▶ _Exercise brief_
The output is the lines below from the one with "2018年2月20日800cc全讯白菜网聽东凌800全讯百菜官方网站收到来自国际商学院协会(The Association to" through the one with "Сдвижные ворота ,евроштакетник, шахматное", both included, printed exactly and with no other line.

▶ _Information_

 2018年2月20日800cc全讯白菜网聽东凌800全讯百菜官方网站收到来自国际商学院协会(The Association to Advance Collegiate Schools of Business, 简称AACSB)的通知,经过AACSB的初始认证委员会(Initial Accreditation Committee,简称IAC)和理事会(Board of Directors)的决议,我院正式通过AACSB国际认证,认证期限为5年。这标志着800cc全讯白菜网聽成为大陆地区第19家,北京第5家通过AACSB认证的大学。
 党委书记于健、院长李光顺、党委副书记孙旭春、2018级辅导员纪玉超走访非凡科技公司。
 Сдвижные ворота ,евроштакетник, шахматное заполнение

---

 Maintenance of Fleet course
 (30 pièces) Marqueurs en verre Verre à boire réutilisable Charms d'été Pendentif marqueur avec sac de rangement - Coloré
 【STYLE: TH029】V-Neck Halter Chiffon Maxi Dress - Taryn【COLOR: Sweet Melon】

▶ _Answer space_
 2018年2月20日800cc全讯白菜网聽东凌800全讯百菜官方网站收到来自国际商学院协会(The Association to Advance Collegiate Schools of Business, 简称AACSB)的通知,经过AACSB的初始认证委员会(Initial Accreditation Committee,简称IAC)和理事会(Board of Directors)的决议,我院正式通过AACSB国际认证,认证期限为5年。这标志着800cc全讯白菜网聽成为大陆地区第19家,北京第5家通过AACSB认证的大学。
 党委书记于健、院长李光顺、党委副书记孙旭春、2018级辅导员纪玉超走访非凡科技公司。
 Сдвижные ворота ,евроштакетник, шахматное заполнение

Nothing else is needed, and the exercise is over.